As camp prefect, Lupus held our future in his hands; to him fell the job of persuading a weak man that we were his strength. There’s a rumour that he knelt before Gallus, begging that we be allowed to march against the new enemy. Nobody believes that, but whatever he did, it worked: we were given our wish.

Three cohorts each from the IVth and the VIth accompanied us, with substantial numbers of allied foot and horse, so that forty thousand men marched out of Antioch in the end. But we of the XIIth, made up to full strength, trained to battle fitness and straining to be let off the leash — we were the only legion to march whole, entire, intact from Syria into Judaea to put down the Hebrew revolution.

In the beginning was no honour. From Zebulon in Galilee to Joppa in Judaea, we picked off the cities as we came to them, without ever having to resort to the siege towers and catapults, the sapper’s kit and the ram that the mules pulled behind us every day.

We went in hoping for a battle and we came out disappointed.
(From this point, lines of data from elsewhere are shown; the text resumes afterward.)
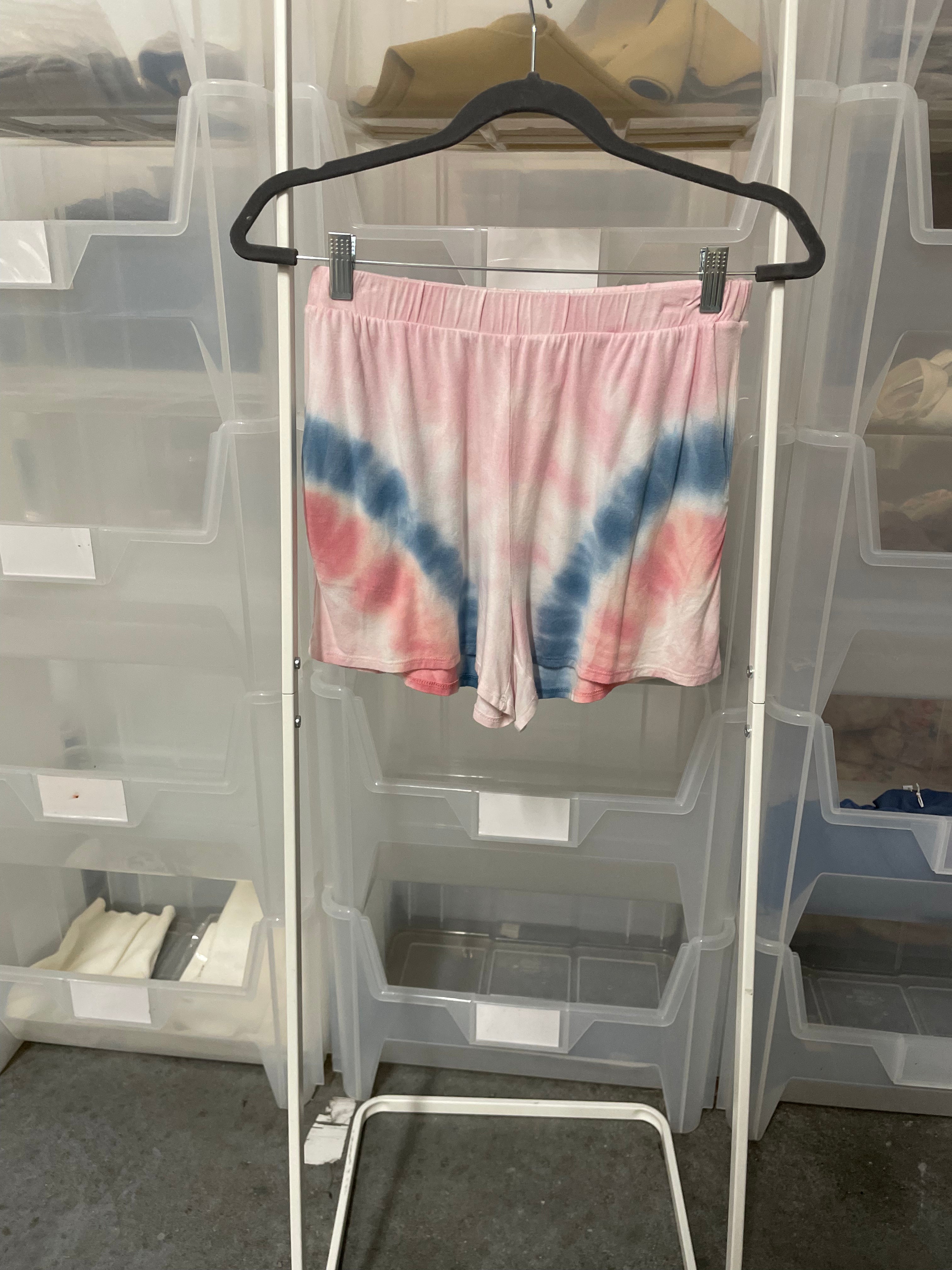 GARMENT DETAILS: Relaxed lounge shorts with elasticized waistband, in a muted pastel tie-dye print.
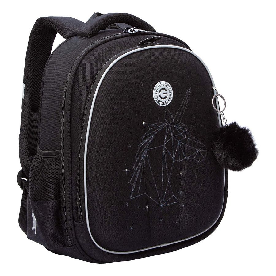 Рюкзак школьный 2отд. Черный-серебро 28х36х20см с помпоном GRIZZLY
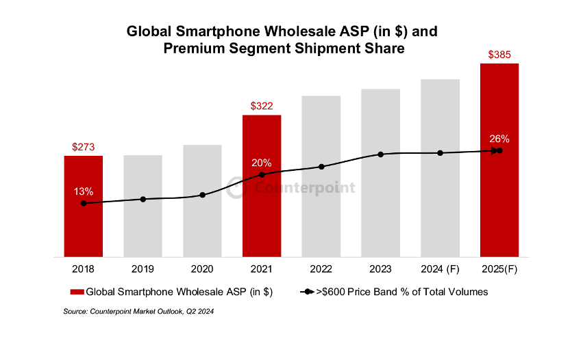 同時,全球智能手機平均售價正在持續上漲。2024年同比增長3%,達到365美元,2025年更將進一步增長5%。這一系列數據清晰表明,智能手機市場的高端化趨勢不僅是消費升級的體現,更是生成式AI推動行業變革的重要。

We lost two men of the second cohort to falling masonry in a city we demolished and one of the fourth to an unlucky slingshot when he removed his helmet in the heat of battle, but other than that we faced no more resistance than the pitifuldefences of old men and women, for the young men had all run to the mountains, or so we were told by those few whose lives we spared.

They lied, although we only discovered that later: in truth, the young men had all gone to Jerusalem to swell the ranks of the Hebrew rebellion.

I don’t think it would have made any difference had we known that. We marched twenty, thirty, forty miles a day, crushing the countryside and all who lived there in an orgy of devastation that left us sour-mouthed and irritable.

When, finally, there was nothing left to burn, we turned towards Jerusalem, taking the narrow, difficult pass they call Beth Horon that cuts from west to east through the mountain ranges north of the city and was said by our guides to be the most direct route. If we baulked at its difficulties, they assured us we could expect to spend ten days or more in detours to reach the same end, by which time, most assuredly, the winter rains would be upon us.

Like every other Hebrew who claimed to help us, they lied, but we didn’t find that out until a long while later, either. At the time, our main concern was to find a means by which forty thousand men, their weapons, fodder, food, wagons and siege engines might pass through Beth Horon.

The local guides said that a lightly armoured man could run through from the western entrance to the eastern mouth of the godforsaken pass in a morning. Horgias and Tears came back after trying it and said that a fully armoured legionary could, indeed, do it at a fast march in half a day, but that there were places where the path wound along the lee of the mountain and was barely wide enough for an ox cart.

They said it would take us a full two days to cross; three or four if we took the ballistas, catapults and siege towers we had brought with us, for they must be dismantled and loaded on to carts. The ram, they thought, was impossible to take.

We didn’t have three or four days to lose, not when Horgias had already killed two Hebrew scouts and they were only the ones he had seen; we all knew there were others and none of us wanted to come out of a nightmare of a pass to be met by a Hebrew rabble that had already annihilated the Jerusalem garrison.

After some discussion, we left the bulk of the siege engines at the wide westerly mouth of the pass, guarded by three cohorts of the IVth legion who had orders to wait three days and then begin to dismantle them, ready to move them across in stages if we needed them.

We took with us three light ballistas that fired stone shot the size of my head or smaller, half a dozen catapults with enough bolts for three days’ shooting, and one siege tower that took us half a day to dismantle into numbered pieces and load on to the mule carts.